### YOUR INSTRUCTIONS
Should an entry contain an image, omit it and repeat the rest exactly.

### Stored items
- - - - - - -

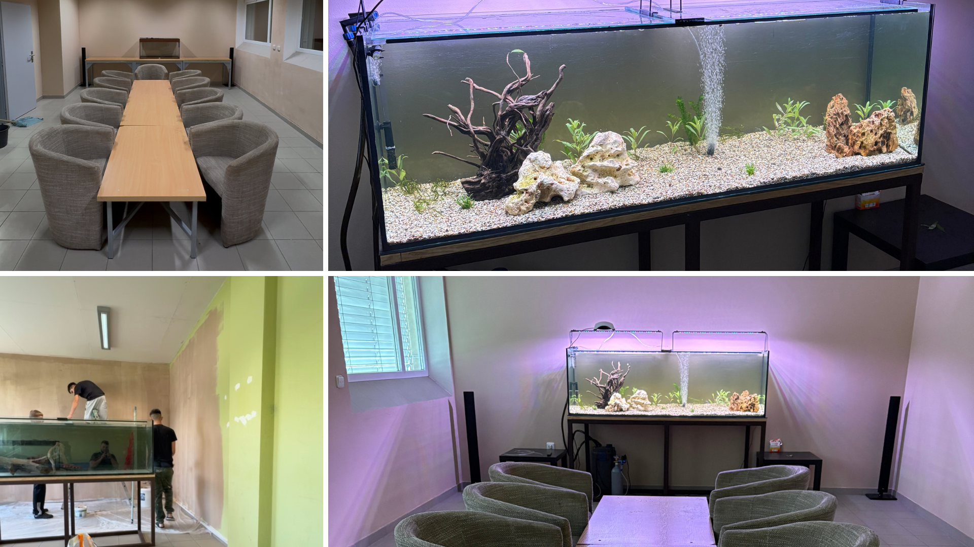 Hlavní dominantou místnosti se stalo více než dvoumetrové akvárium, které přináší do prostoru klidnou atmosféru a vizuálně celou místnost oživuje. Akvárium bylo napuštěno a založeno s odbornou péčí, a již má své první obyvatele – krevety a ancistrusy, kteří si v novém domově spokojeně žijí. Velké poděkování patří paní Vrbové, která se zasloužila o zajištění akvária a přispěla tak k vytvoření tohoto krásného prostoru.
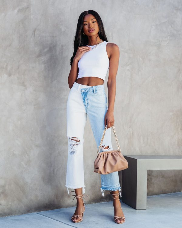Cool meets unique in the Wrenley High Rise Cross Over Two-Tone Straight Jeans in white and denim that features a relaxed fit.
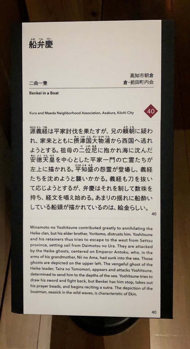#絵金展 →ただよく見ると絵と解説は『船弁慶』なのに、『義経千本桜』壇ノ浦の段ってあるんですよね。 『義経千本桜』大物浦だと、知盛は亡霊じゃなくて生きていた伝説だから、このあと錨担いで入水するんですよー。と、こないだ観たから。 x.com/Liddell2_0124/… pic.x.com/43E21CPqSL
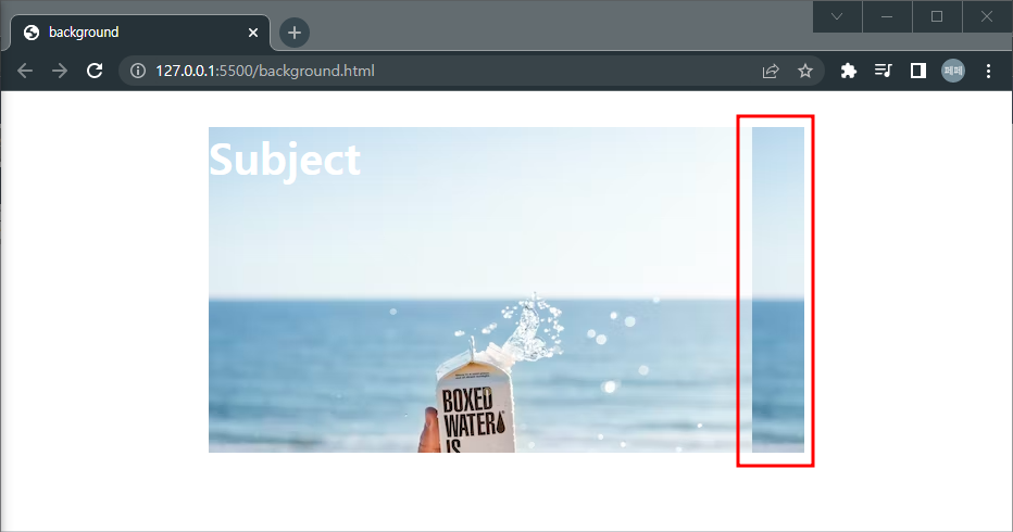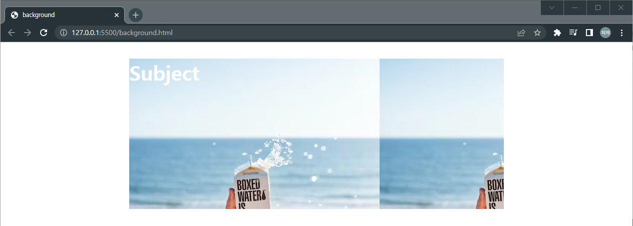 일단은 배경 이미지가 잘 들어갔습니다. 그런데 오른쪽 편에 보면, 이미지의 가로 사이즈가 끝나는 경우, 반복되어 표시된다는 것을 알 수 있습니다. 브라우저를 가로로 크게 늘여보면 아래처럼 쉽게 확인이 가능합니다.
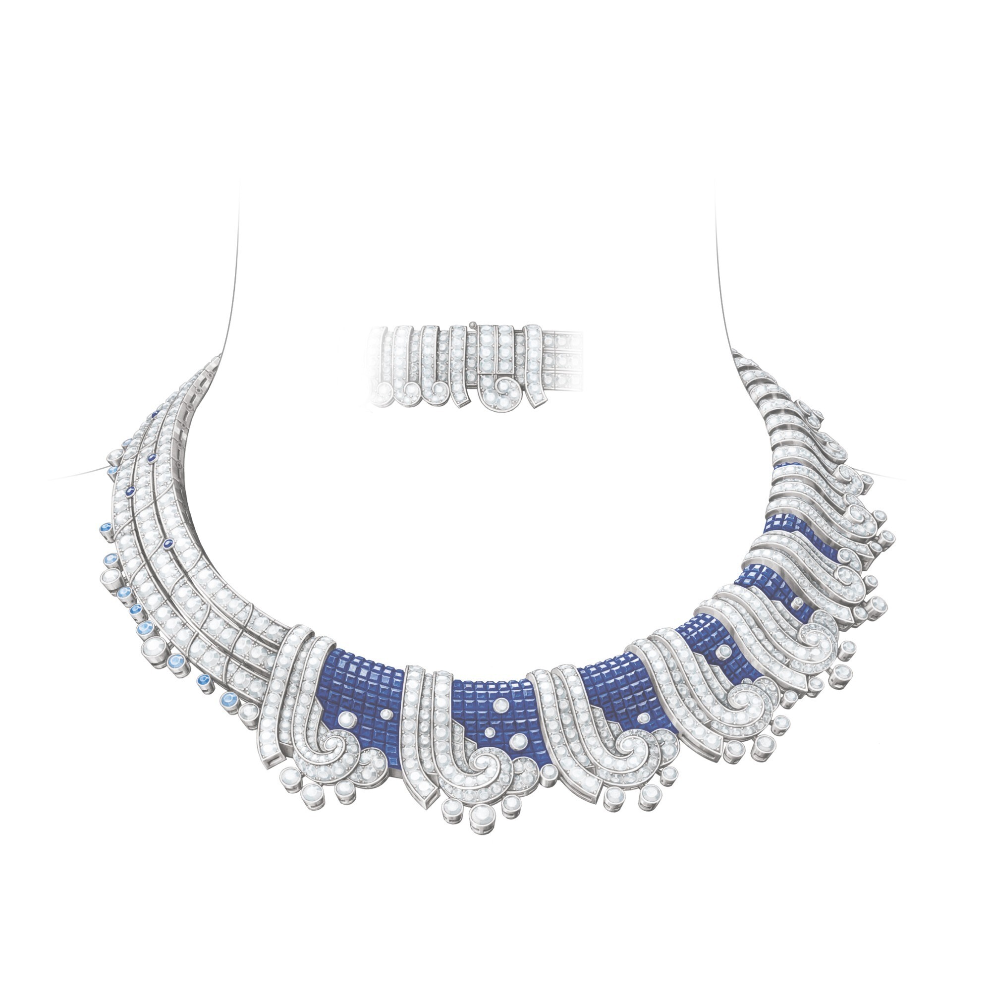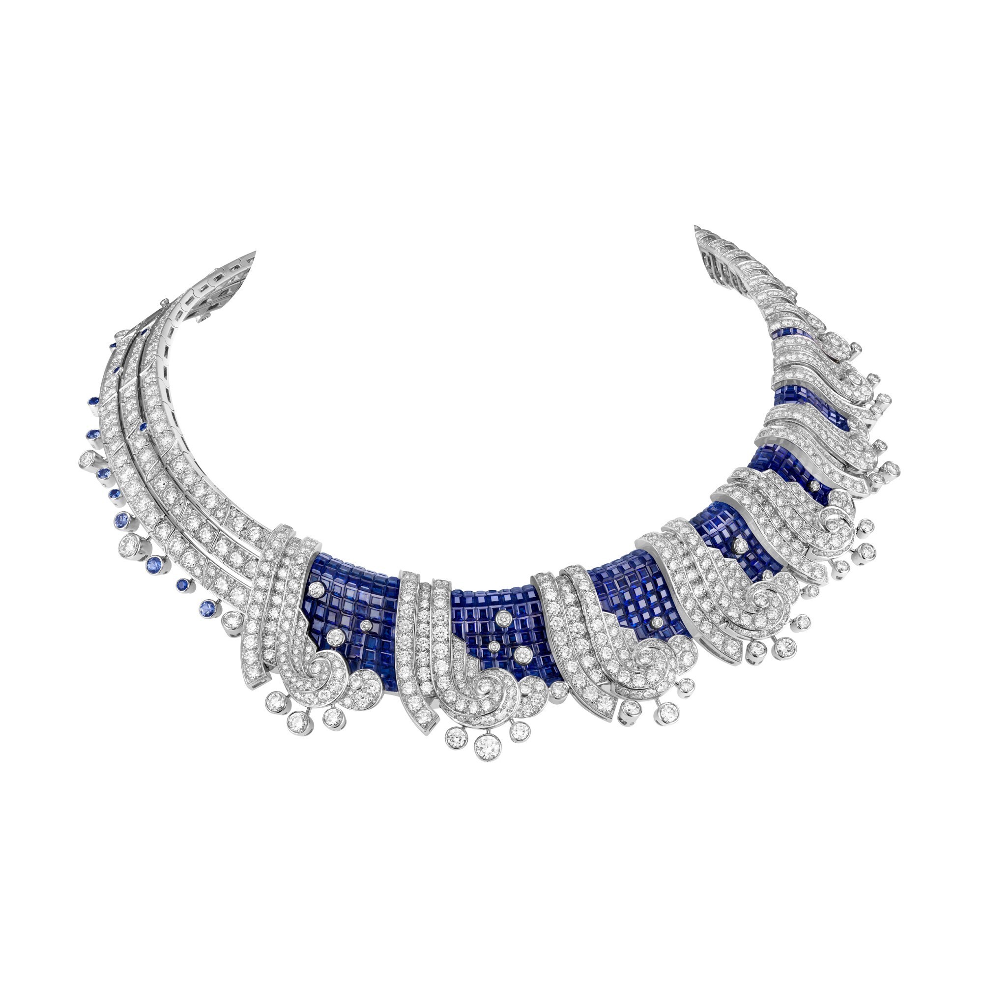 Van Cleef & Arpels unveiled the Écume Mystérieuse necklace in its 2024 “Treasure Island” High Jewelry collection, a masterful creation that evokes the blue ocean of an adventurous voyage. Through the use of invisible-set sapphires, the Maison recreates the depth and movement of the sea, while round brilliant-cut diamonds depict poetic white waves, resulting in a design that feels both pure and lyrical.
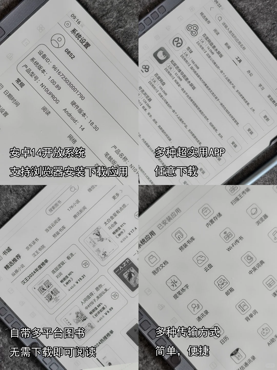 传书传文件更方便,WiFi、蓝牙秒搞定,想装常用阅读APP也没问题,真正实现阅读自由!
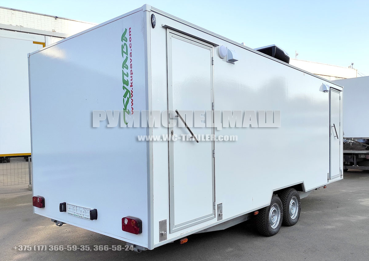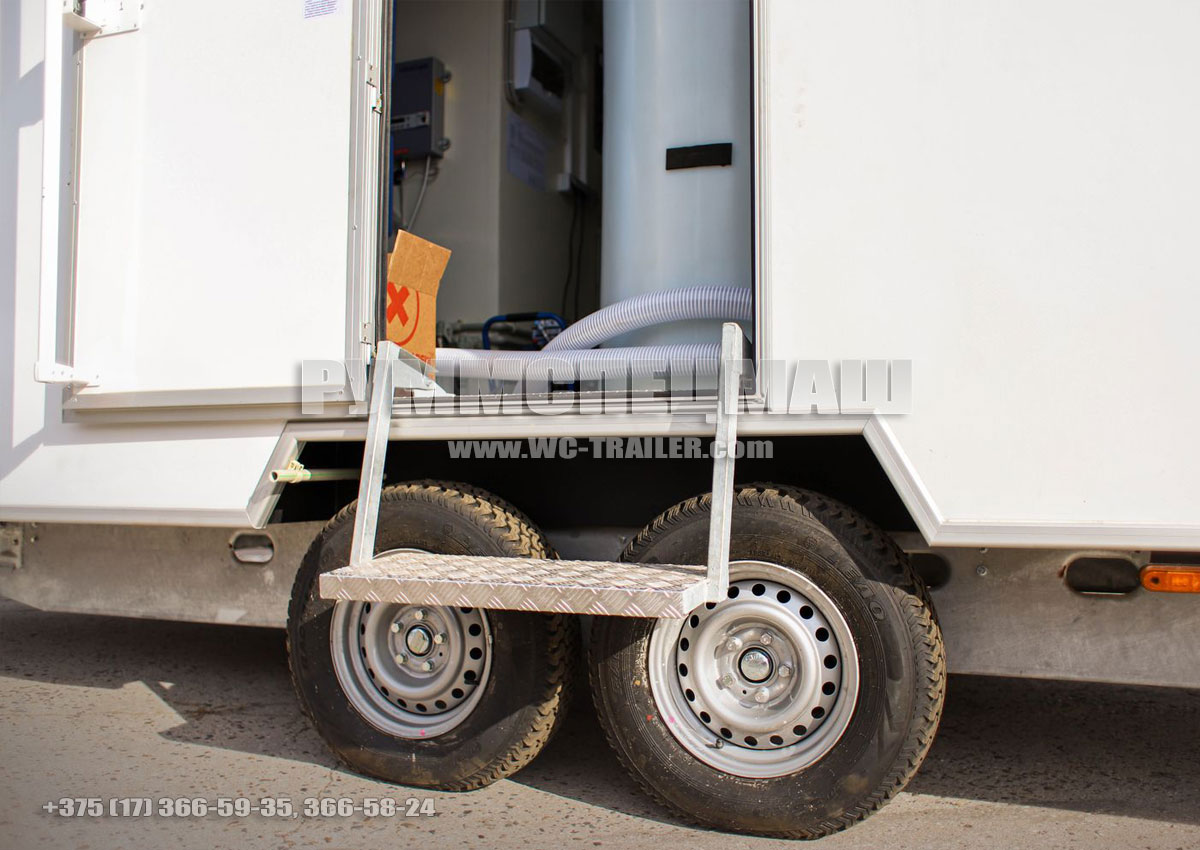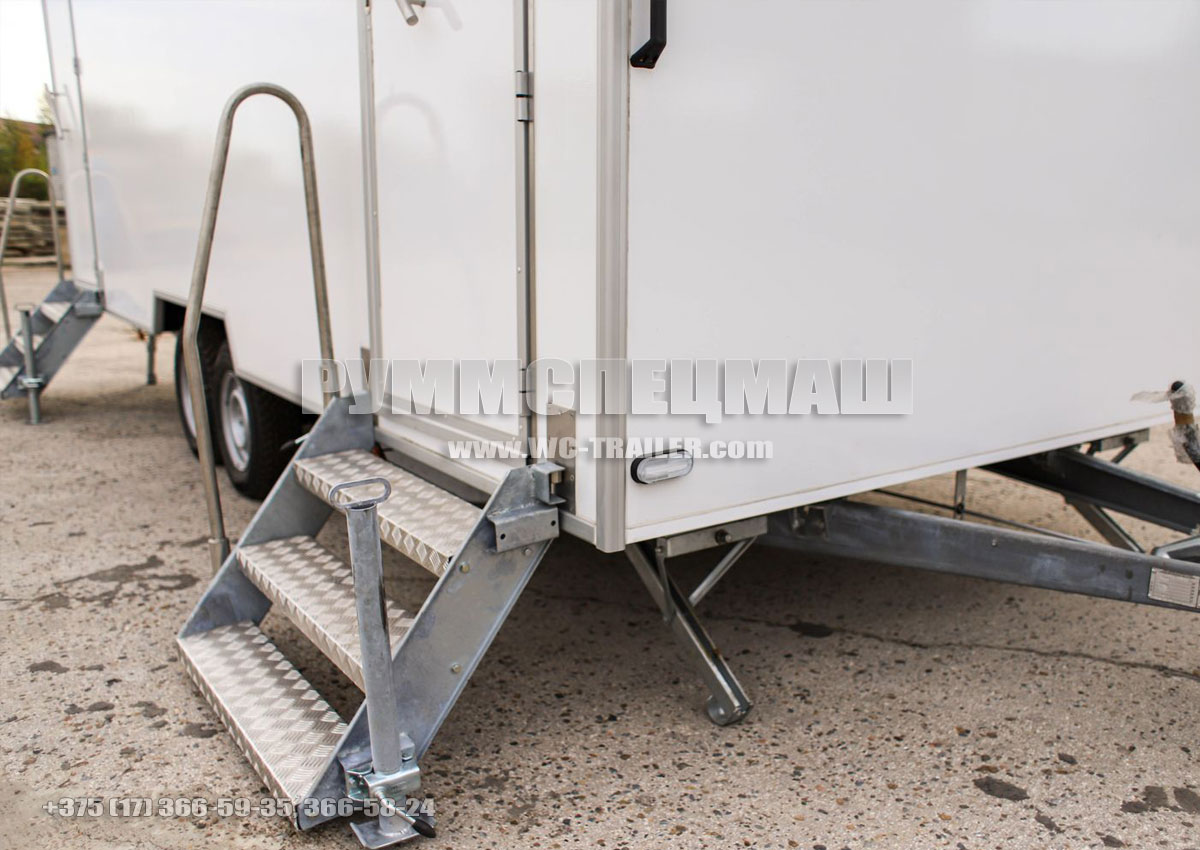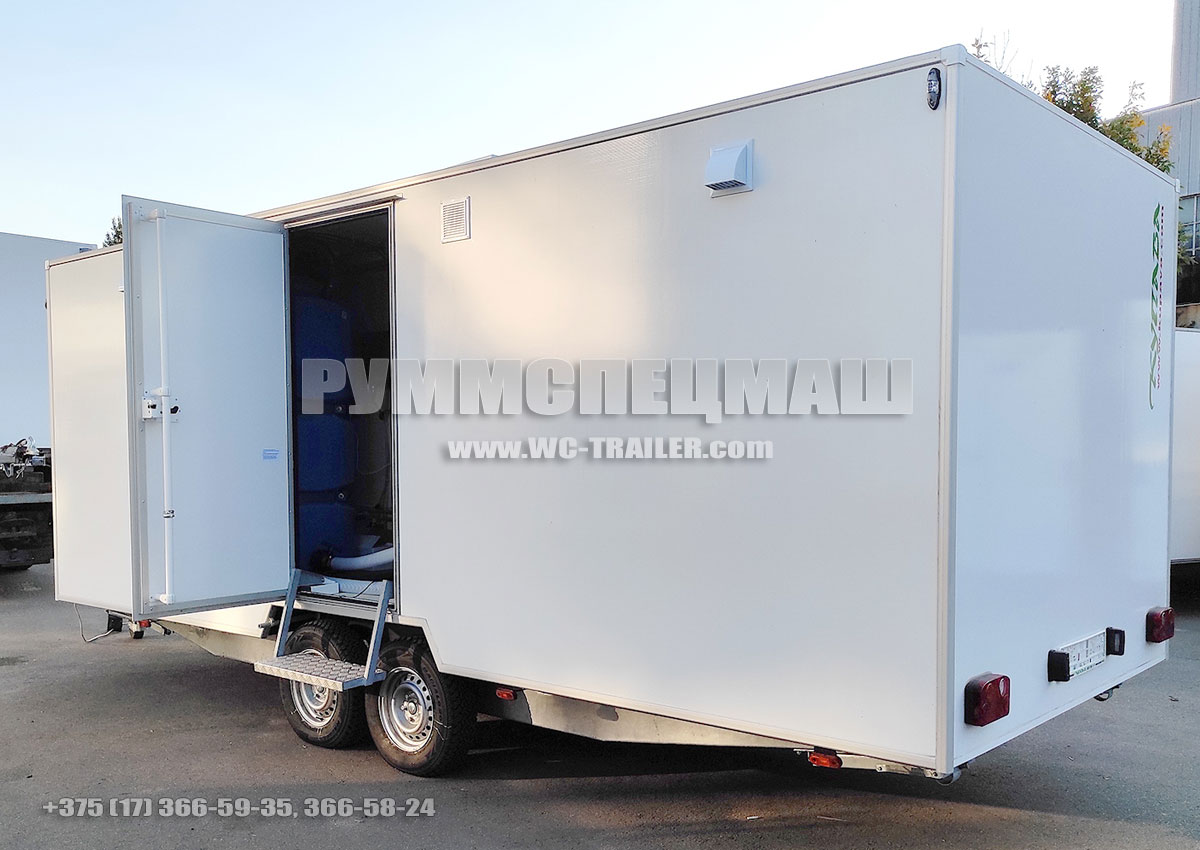 Специальный прицеп (мобильный туалет) состоит из трех отсеков: одного технологического и двух отсеков-уборных. Прицеп предназначен для использования во время массовых мероприятий, когда нет необходимости оборудовать стационарную точку, для обеспечения комфортных условий работникам различных ремонтных и строительных бригад во время работы в многолюдных местах и др. Конструкция прицепа позволяет его транспортировать обычным легковым автомобилем, не привлекая для перевозки различную подъемную и грузовую технику.

- - - - - - -

### ANSWER BOX
 Hlavní dominantou místnosti se stalo více než dvoumetrové akvárium, které přináší do prostoru klidnou atmosféru a vizuálně celou místnost oživuje. Akvárium bylo napuštěno a založeno s odbornou péčí, a již má své první obyvatele – krevety a ancistrusy, kteří si v novém domově spokojeně žijí. Velké poděkování patří paní Vrbové, která se zasloužila o zajištění akvária a přispěla tak k vytvoření tohoto krásného prostoru.
Cool meets unique in the Wrenley High Rise Cross Over Two-Tone Straight Jeans in white and denim that features a relaxed fit.
#絵金展 →ただよく見ると絵と解説は『船弁慶』なのに、『義経千本桜』壇ノ浦の段ってあるんですよね。 『義経千本桜』大物浦だと、知盛は亡霊じゃなくて生きていた伝説だから、このあと錨担いで入水するんですよー。と、こないだ観たから。 x.com/Liddell2_0124/… pic.x.com/43E21CPqSL
 일단은 배경 이미지가 잘 들어갔습니다. 그런데 오른쪽 편에 보면, 이미지의 가로 사이즈가 끝나는 경우, 반복되어 표시된다는 것을 알 수 있습니다. 브라우저를 가로로 크게 늘여보면 아래처럼 쉽게 확인이 가능합니다.
 Van Cleef & Arpels unveiled the Écume Mystérieuse necklace in its 2024 “Treasure Island” High Jewelry collection, a masterful creation that evokes the blue ocean of an adventurous voyage. Through the use of invisible-set sapphires, the Maison recreates the depth and movement of the sea, while round brilliant-cut diamonds depict poetic white waves, resulting in a design that feels both pure and lyrical.
 传书传文件更方便,WiFi、蓝牙秒搞定,想装常用阅读APP也没问题,真正实现阅读自由!
 Специальный прицеп (мобильный туалет) состоит из трех отсеков: одного технологического и двух отсеков-уборных. Прицеп предназначен для использования во время массовых мероприятий, когда нет необходимости оборудовать стационарную точку, для обеспечения комфортных условий работникам различных ремонтных и строительных бригад во время работы в многолюдных местах и др. Конструкция прицепа позволяет его транспортировать обычным легковым автомобилем, не привлекая для перевозки различную подъемную и грузовую технику.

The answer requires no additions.